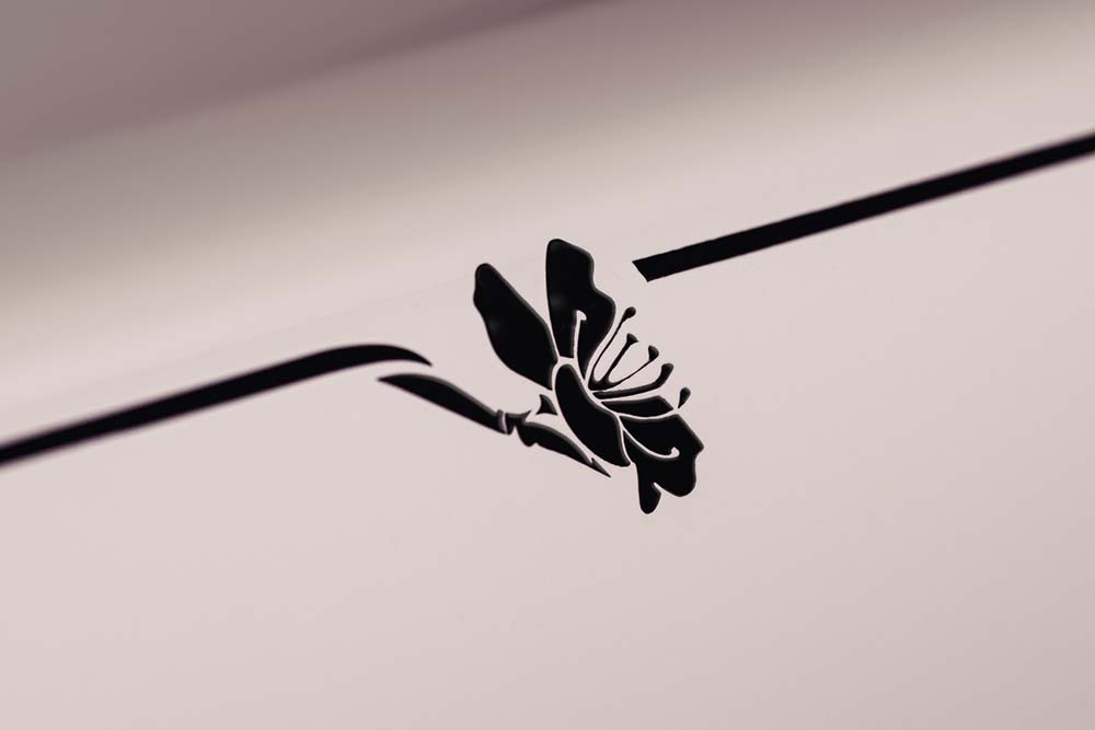U skladu sa Hanami temom, motiv padajućih latica nalazi se i na unutrašnjoj postavi Bespoke kišobrana, koji su diskretno smešteni unutar vrata automobila. Spoljašnjost takođe sadrži suptilan omaž temi – boja karoserije Crystal over Arctic White uključuje jedinstvenu ručno oslikanu Coachline liniju koja se sužava na sredini zadnjih vrata i završava sa motivom cveta trešnje, kao diskretna najava umetnosti koja se nalazi unutar automobila.
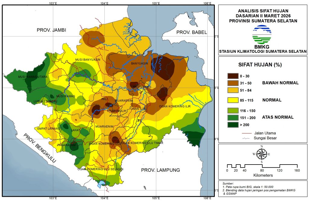 Bawah Normal:Sebagian besar wilayah Sumatera Selatan.
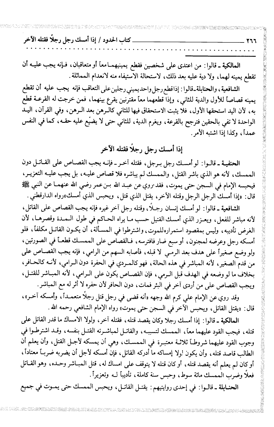 الحنفية قالوا: لو أمسك رجل برجل، فقتله آخر فإنه يجب القصاص على القاتل دون الممسك، لأنه هو الذي باشر القتل، والممسك لم يباشره فلا قصاص عليه، بل يجب عليه التعزير، فيحبسه الإمام في السجن حتى يموت، فقد روي عن عبد الله بن عمر رضي الله عنهما عن النبي صلى الله عليه وسلم قال: (إذا أمسك الرجل الرجل وقتله الآخر، يقتل الذي قتل، ويحبس الذي أمسك) رواه الدارقطني. الشافعية قالوا: لو أمسك إنسان رجلاً، وقتله رجل آخر غيره فإنه يجب القصاص على القاتل، لأنه مباشر للفعل، ويعزر الذي أمسك القتيل حسب ما يراه الحاكم في طول المدة وقصرها، لأن الغرض تأديبه، وليس بمقصود استمراره للموت، واشترطوا في المسألة، أن يكون القاتل مكلفاً، فلو أمسكه رجل وعرضه لمجنون، أو سبع ضار فافترسه، فالقصاص على الممسك قطعاً في الصورتين، ولو وضع صغيراً على هدف بعد الرمي لا قبله، فاصابه السهم من الرامي، لأنه المباشر للقتل، ويجب القصاص على من أردى آخر في البئر فمات، دون الحافر لأن حفره لا أثر له مع المباشر.
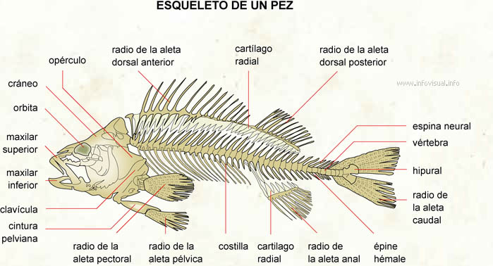 Vértebra: cada uno de los huesos que forma espina neural del pez.
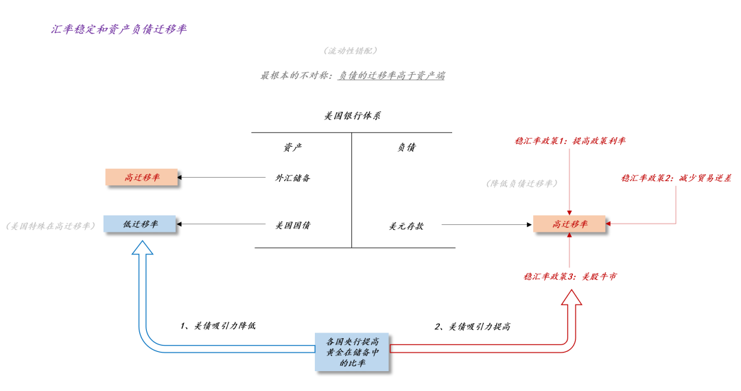 如上图所示,对于任意经济体而言,汇率问题的本质在于,负债端的迁移率高于资产端。具体来说就是,本币存款更容易转化成外币存款,但是,本币国债没那么高的跨境流动性,于是,该国不得不依赖外汇储备轧平差额。
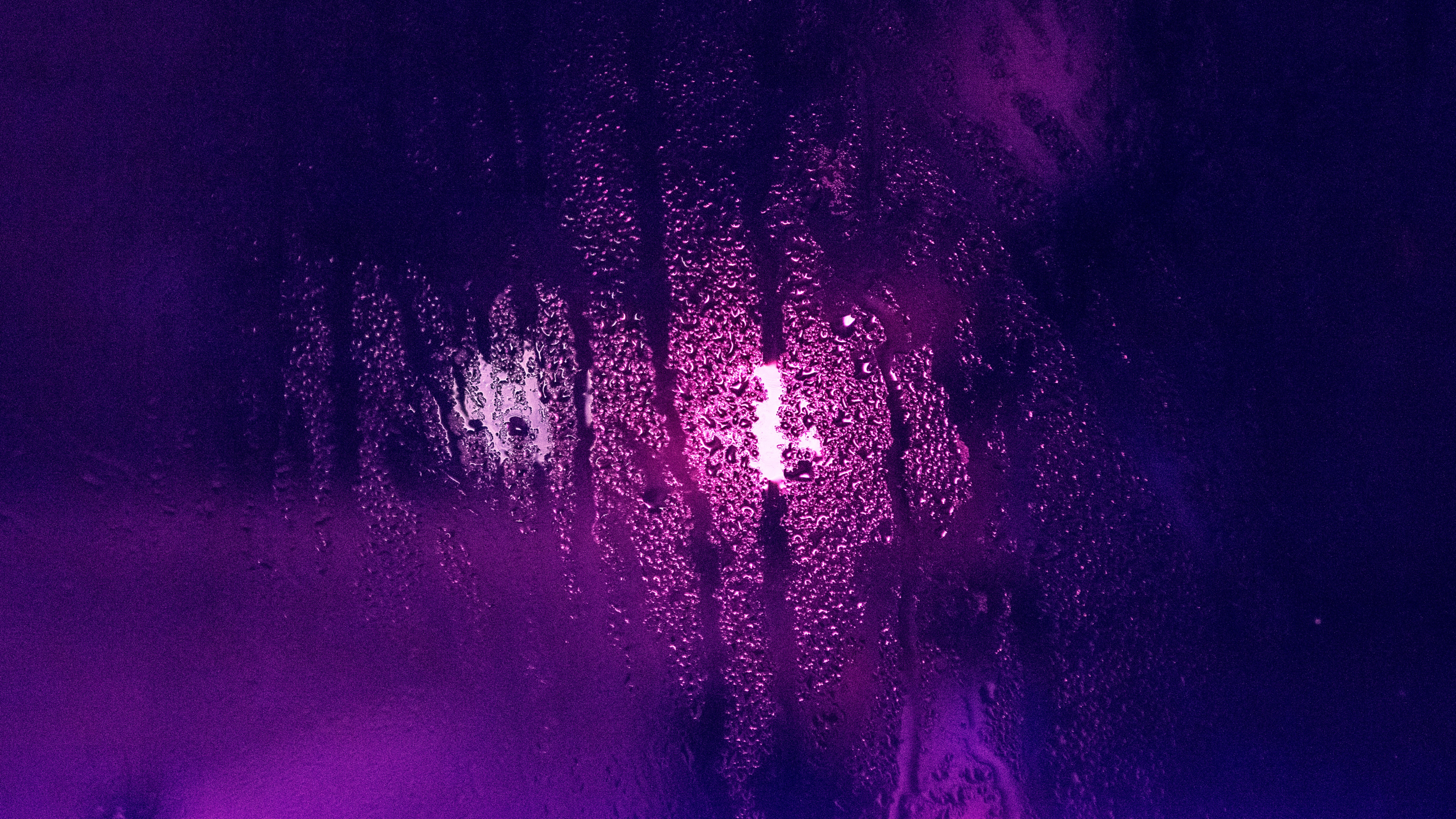 Description: A purple light shining through a window with rain drops on it and a cross on the window sill.

------------------------

From the first line to the last, reproduce the listing above exactly, leaving the pictures out.

ANSWER SECTION
U skladu sa Hanami temom, motiv padajućih latica nalazi se i na unutrašnjoj postavi Bespoke kišobrana, koji su diskretno smešteni unutar vrata automobila. Spoljašnjost takođe sadrži suptilan omaž temi – boja karoserije Crystal over Arctic White uključuje jedinstvenu ručno oslikanu Coachline liniju koja se sužava na sredini zadnjih vrata i završava sa motivom cveta trešnje, kao diskretna najava umetnosti koja se nalazi unutar automobila.
 Bawah Normal:Sebagian besar wilayah Sumatera Selatan.
 الحنفية قالوا: لو أمسك رجل برجل، فقتله آخر فإنه يجب القصاص على القاتل دون الممسك، لأنه هو الذي باشر القتل، والممسك لم يباشره فلا قصاص عليه، بل يجب عليه التعزير، فيحبسه الإمام في السجن حتى يموت، فقد روي عن عبد الله بن عمر رضي الله عنهما عن النبي صلى الله عليه وسلم قال: (إذا أمسك الرجل الرجل وقتله الآخر، يقتل الذي قتل، ويحبس الذي أمسك) رواه الدارقطني. الشافعية قالوا: لو أمسك إنسان رجلاً، وقتله رجل آخر غيره فإنه يجب القصاص على القاتل، لأنه مباشر للفعل، ويعزر الذي أمسك القتيل حسب ما يراه الحاكم في طول المدة وقصرها، لأن الغرض تأديبه، وليس بمقصود استمراره للموت، واشترطوا في المسألة، أن يكون القاتل مكلفاً، فلو أمسكه رجل وعرضه لمجنون، أو سبع ضار فافترسه، فالقصاص على الممسك قطعاً في الصورتين، ولو وضع صغيراً على هدف بعد الرمي لا قبله، فاصابه السهم من الرامي، لأنه المباشر للقتل، ويجب القصاص على من أردى آخر في البئر فمات، دون الحافر لأن حفره لا أثر له مع المباشر.
 Vértebra: cada uno de los huesos que forma espina neural del pez.
 如上图所示,对于任意经济体而言,汇率问题的本质在于,负债端的迁移率高于资产端。具体来说就是,本币存款更容易转化成外币存款,但是,本币国债没那么高的跨境流动性,于是,该国不得不依赖外汇储备轧平差额。
 Description: A purple light shining through a window with rain drops on it and a cross on the window sill.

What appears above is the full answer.